:: Information shown ::
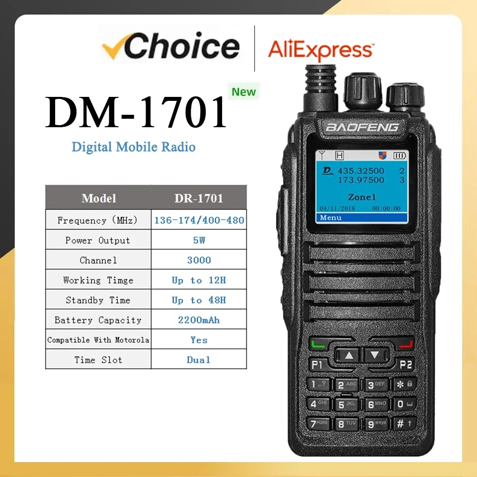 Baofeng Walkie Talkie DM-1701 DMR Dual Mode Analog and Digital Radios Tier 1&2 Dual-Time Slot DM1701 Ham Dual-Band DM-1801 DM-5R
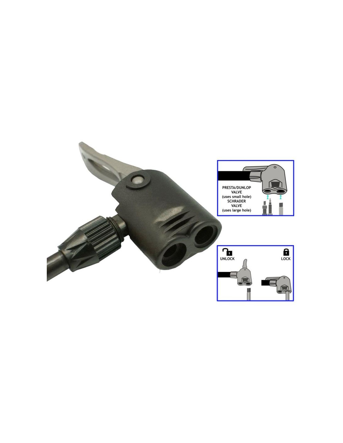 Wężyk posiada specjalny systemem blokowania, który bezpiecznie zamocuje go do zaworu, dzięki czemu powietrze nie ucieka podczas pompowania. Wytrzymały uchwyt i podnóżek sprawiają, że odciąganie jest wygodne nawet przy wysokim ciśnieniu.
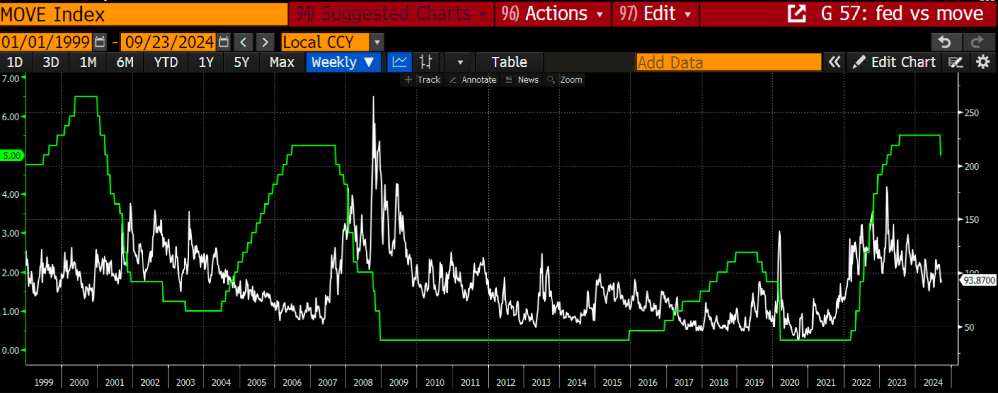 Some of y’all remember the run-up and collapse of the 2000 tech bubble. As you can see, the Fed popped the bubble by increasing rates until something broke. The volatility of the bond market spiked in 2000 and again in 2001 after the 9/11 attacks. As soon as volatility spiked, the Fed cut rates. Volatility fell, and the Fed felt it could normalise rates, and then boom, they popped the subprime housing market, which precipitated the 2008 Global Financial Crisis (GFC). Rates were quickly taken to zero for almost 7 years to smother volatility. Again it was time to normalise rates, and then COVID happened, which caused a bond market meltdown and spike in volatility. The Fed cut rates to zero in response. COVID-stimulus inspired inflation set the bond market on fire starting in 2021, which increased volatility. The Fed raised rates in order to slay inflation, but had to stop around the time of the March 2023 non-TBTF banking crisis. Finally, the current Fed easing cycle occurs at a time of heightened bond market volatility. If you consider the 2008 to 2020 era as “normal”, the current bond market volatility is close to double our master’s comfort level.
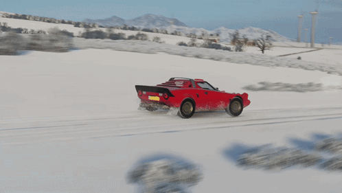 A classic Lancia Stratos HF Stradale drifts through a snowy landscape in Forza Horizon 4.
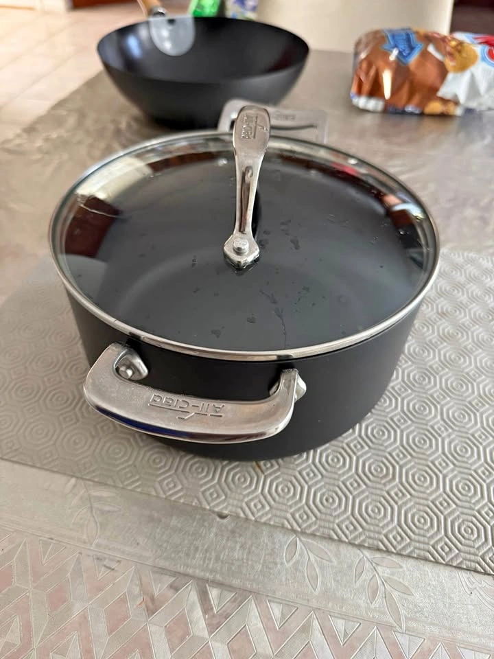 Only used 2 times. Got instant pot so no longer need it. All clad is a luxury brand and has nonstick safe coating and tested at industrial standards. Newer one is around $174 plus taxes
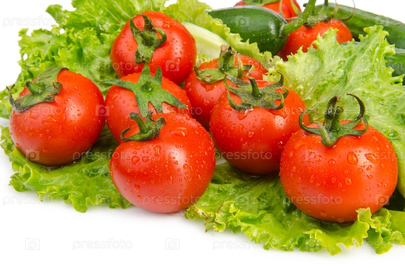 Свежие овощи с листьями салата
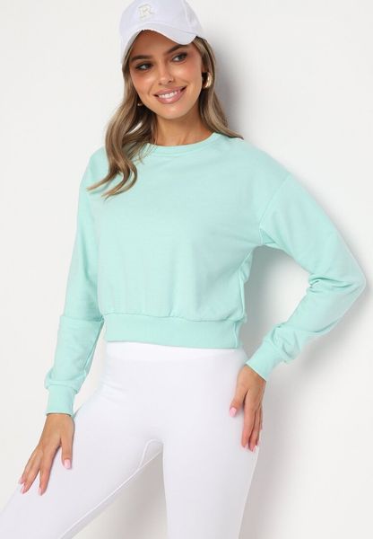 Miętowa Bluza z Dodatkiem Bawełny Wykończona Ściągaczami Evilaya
:::
### Required work:
In the material above, retype exactly the lines that run from the one containing "Свежие овощи с листьями салата" through the last line, and keep out the pictures.

### Task output:
 Свежие овощи с листьями салата
 Miętowa Bluza z Dodatkiem Bawełny Wykończona Ściągaczami Evilaya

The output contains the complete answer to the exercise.